The appeal is from a judgment of the circuit court affirming an order of the Workmen’s Compensation Board which dismissed appellant’s claim for workmen’s compensation benefits.

*735Appellant’s claim for compensation was based upon an alleged back injury. He was examined by six physicians, five of whom testified on the hearing before the referee that there was no back injury. On this evidence the referee recommended that the claim be rejected and it was so ordered on February 6, 1962. On February 20 the appellant filed a motion for full hoard review and a motion requesting appointment of disinterested psychiatrists for the purpose of determining whether appellant was suffering from a disabling neurosis. The full board entered an order reciting the concurrence of the board in the findings and conclusions of the referee, but reciting further that the claim was being rejected on “still another basis,” namely, that the motion for full board review was not made within the time allowed by statute. This had the effect of overruling the motion for appointment of physicians under KRS 342.315 but the board later entered a separate order rejecting the motion on the ground that it was too late, having been filed after the expiration of the time allowed by statute for making a motion for full board review. These orders were affirmed by the circuit court.

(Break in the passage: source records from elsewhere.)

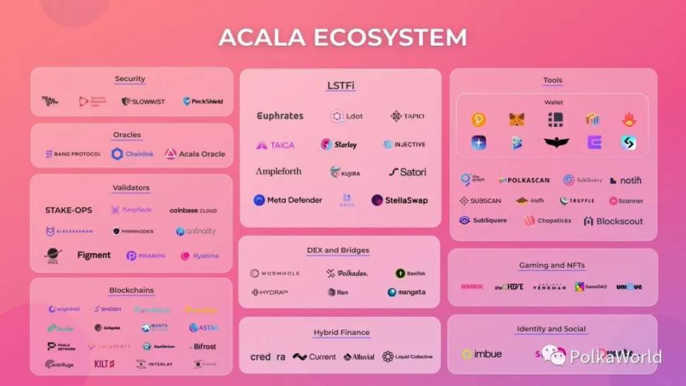 Acala 分享最新生态概览图,并表示在其出色的合作伙伴的支持下,Acala 的生态系统正在成长!很快还将有新的合作伙伴加入!
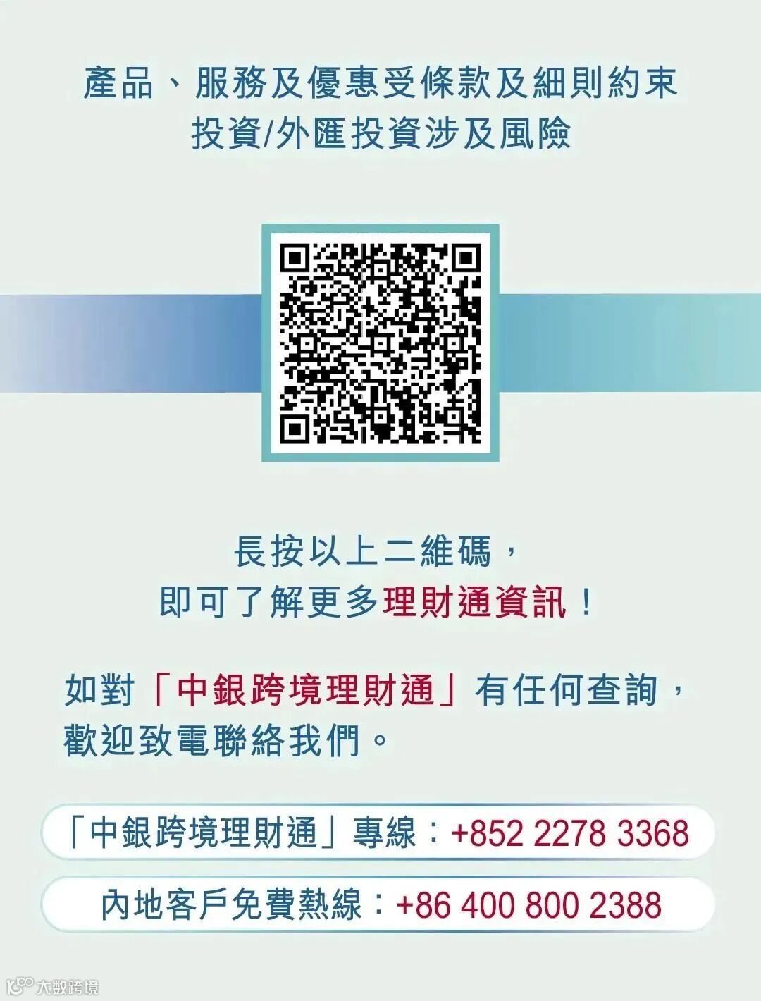 本宣傳品不構成對任何人作出買賣、認購或交易在此所載的任何投資產品或服務的要約、招攬、建議、意見或任何保證且不應被視為投資意見,亦不構成中銀香港向香港以外公眾積極推廣「跨境理財通」。投資涉及風險。
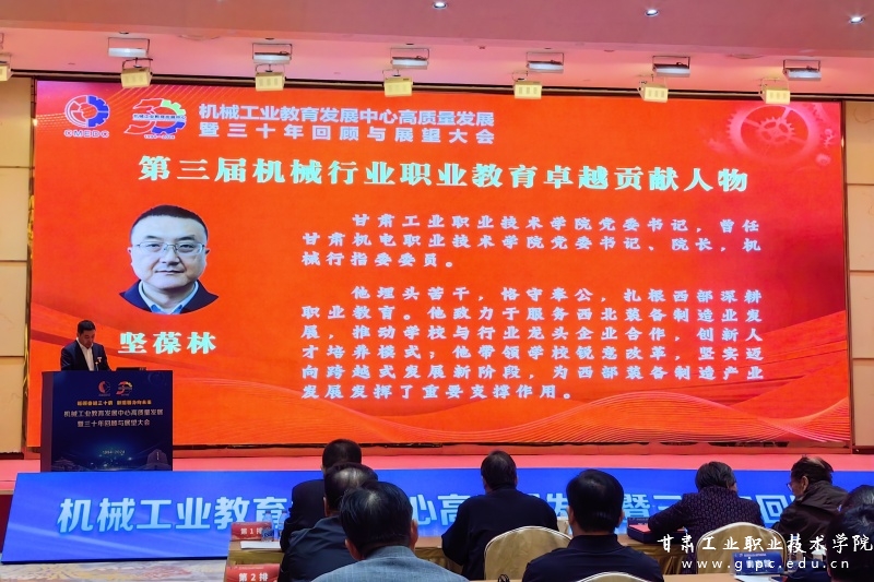 为传承机械行业“尊才重教”的优良传统,展现机械行业先进典型人物奉献人才培养事业的卓越风采,发挥示范引领和榜样带头作用,10月20日上午,机械行业职业教育卓越贡献人物(第三届)授牌仪式在北京天泰宾馆成功举行,我校党委书记坚葆林入选第三届“机械行业职业教育卓越贡献人物”。
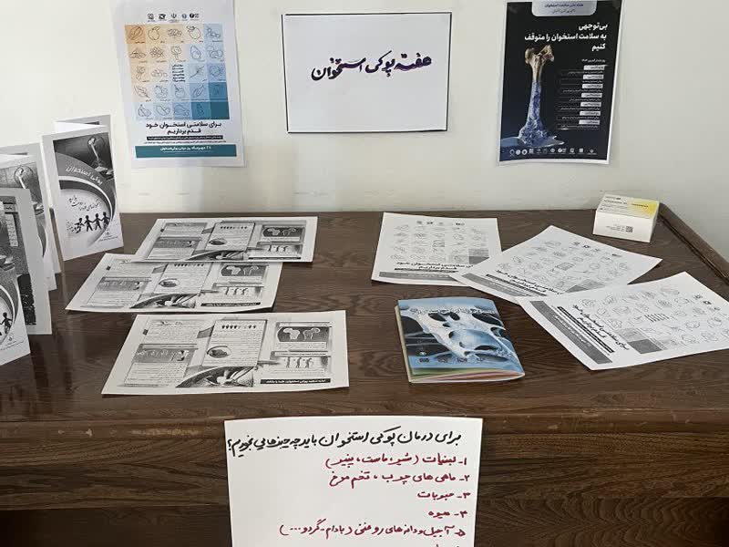 در این میز خدمت، حیدری، مامای مرکز بهداشت، به ارائه آموزشهای لازم در خصوص راهکارهای پیشگیری از پوکی استخوان و افزایش تراکم استخوان پرداختند. بازدیدکنندگان در جریان این برنامه با نکاتی مهم از جمله تغذیه مناسب، انجام فعالیتهای ورزشی و سبک زندگی سالم برای تقویت استخوانها آشنا شدند.
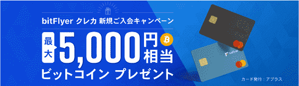 ビットフライヤーでは最大5000円相当のビットコインがもらえるクレカ新規入会キャンペーンを実施中です!
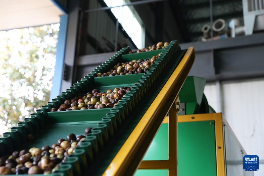11月27日,在湖南省娄底市双峰县的农友机械集团有限公司油茶林全程作业展示区,一台油茶果剥壳机在进行作业。
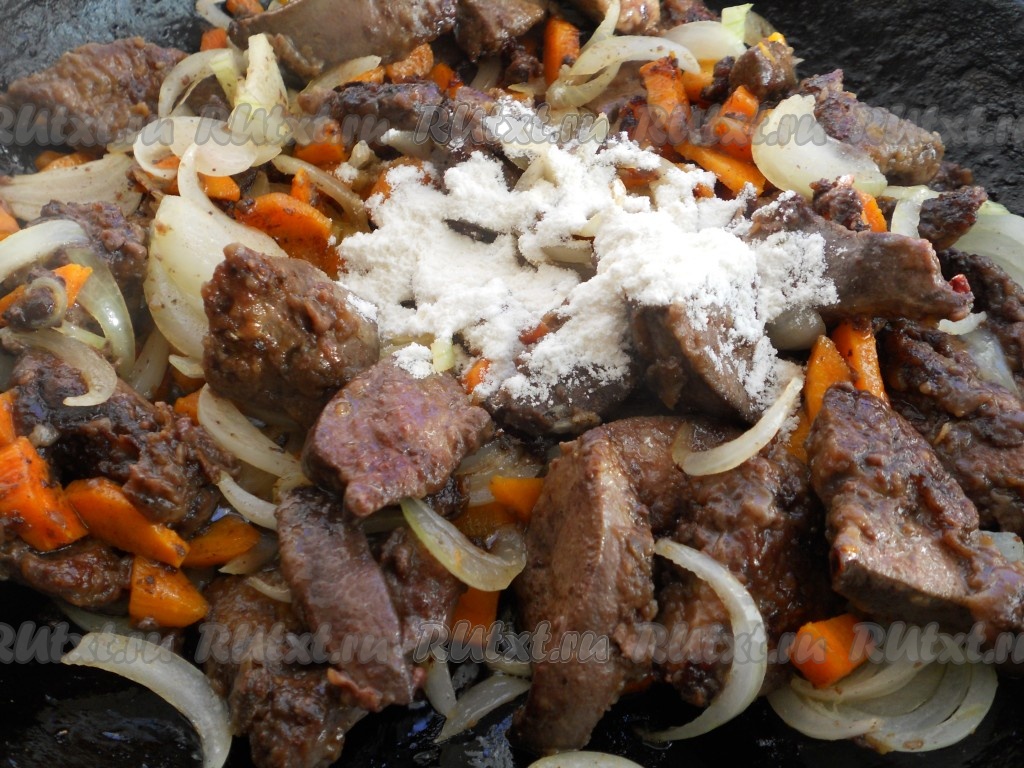 Всыпать в сковороду оставшуюся муку (1 столовую ложку) и хорошенько перемешать все. Сразу же влить бульон или воду.
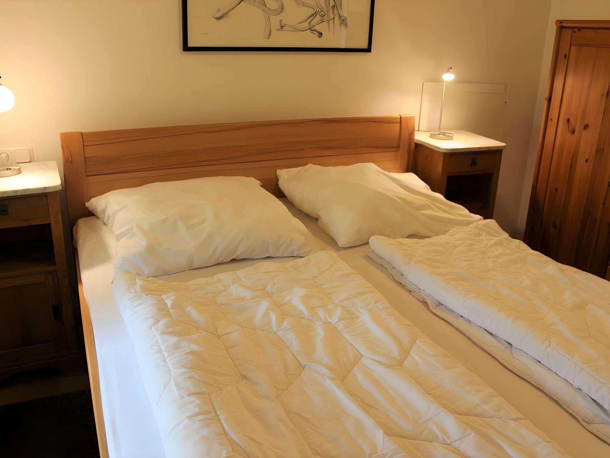 Die beiden Schlafzimmer sind jeweils mit einem Doppelbett und einem Kleiderschrank ausgestattet. In einem Schlafzimmer findet sich zudem noch ein weiterer Flat-TV.

Under KRS 342.280(1) a motion for full board review must be made within 14 days from “the date of the award.” The board was of the opinion that the day on which the award was entered must be counted as one of the 14 days, so that the motions filed on February 20 were one day late. In this opinion the board was in error, failing to give proper significance to the fact that the statute calls for computation from the date of the award as distinguished from the making of the award (cf. KRS 342.285, which provides for an appeal to the circuit court within 20 days after the rendition of the award). KRS 446.030 provides that where the time is to be computed from the day of an event, that day is not to be included in the count. Our decisions are in accord. See Charles v. Big Jim Coal Co., Ky., 237 S.W.2d 68.

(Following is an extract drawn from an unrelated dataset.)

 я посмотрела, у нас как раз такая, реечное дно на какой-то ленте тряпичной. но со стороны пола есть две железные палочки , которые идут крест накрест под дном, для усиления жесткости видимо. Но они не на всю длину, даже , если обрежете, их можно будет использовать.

Although the board was in error in ruling that the motion for full board review was filed too late, no prejudice resulted from that ruling alone because the board did in fact review the record and concur in the findings of the referee.

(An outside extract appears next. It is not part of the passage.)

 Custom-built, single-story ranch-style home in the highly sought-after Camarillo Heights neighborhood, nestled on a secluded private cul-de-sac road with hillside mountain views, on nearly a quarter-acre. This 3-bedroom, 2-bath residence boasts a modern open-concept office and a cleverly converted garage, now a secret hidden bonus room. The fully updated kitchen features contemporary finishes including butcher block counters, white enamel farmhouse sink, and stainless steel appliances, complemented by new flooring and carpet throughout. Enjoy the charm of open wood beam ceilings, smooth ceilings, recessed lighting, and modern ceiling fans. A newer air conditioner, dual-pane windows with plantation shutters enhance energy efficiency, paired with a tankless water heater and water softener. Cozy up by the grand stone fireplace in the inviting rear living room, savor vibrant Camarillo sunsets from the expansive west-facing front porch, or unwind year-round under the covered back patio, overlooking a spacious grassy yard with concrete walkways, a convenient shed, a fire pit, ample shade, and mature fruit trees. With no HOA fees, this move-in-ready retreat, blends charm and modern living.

However, a different situation is presented with regard to the motion for appointment of physicians, which the board rejected because of its erroneous view that this motion also was too late. Under KRS 342.315 the board had discretion whether or not to appoint disinterested physicians. A motion for such appointment could properly be made within the time allowed for the making of a motion for full board review. Jeane Francis Coal Co. v. Fields, 310 Ky. 122, 220 S.W.2d 107. Here, because of its erroneous impression that the motion was not filed in time, the board did not exercise its discretion but simply refused to consider the motion. It is our opinion that the board should have entertained the motion and made disposition of it according to its sound discretion. Under the liberal interpretation required to be given to the workmen’s compensation law we cannot say that the board could not in its discretion have granted the motion, even though it involved a theory of disability not presented before the referee and for which the claimant had presented no evidence.

The judgment is reversed with directions to enter judgment remanding the case to the Workmen’s Compensation Board for further proceedings in conformity with this opinion.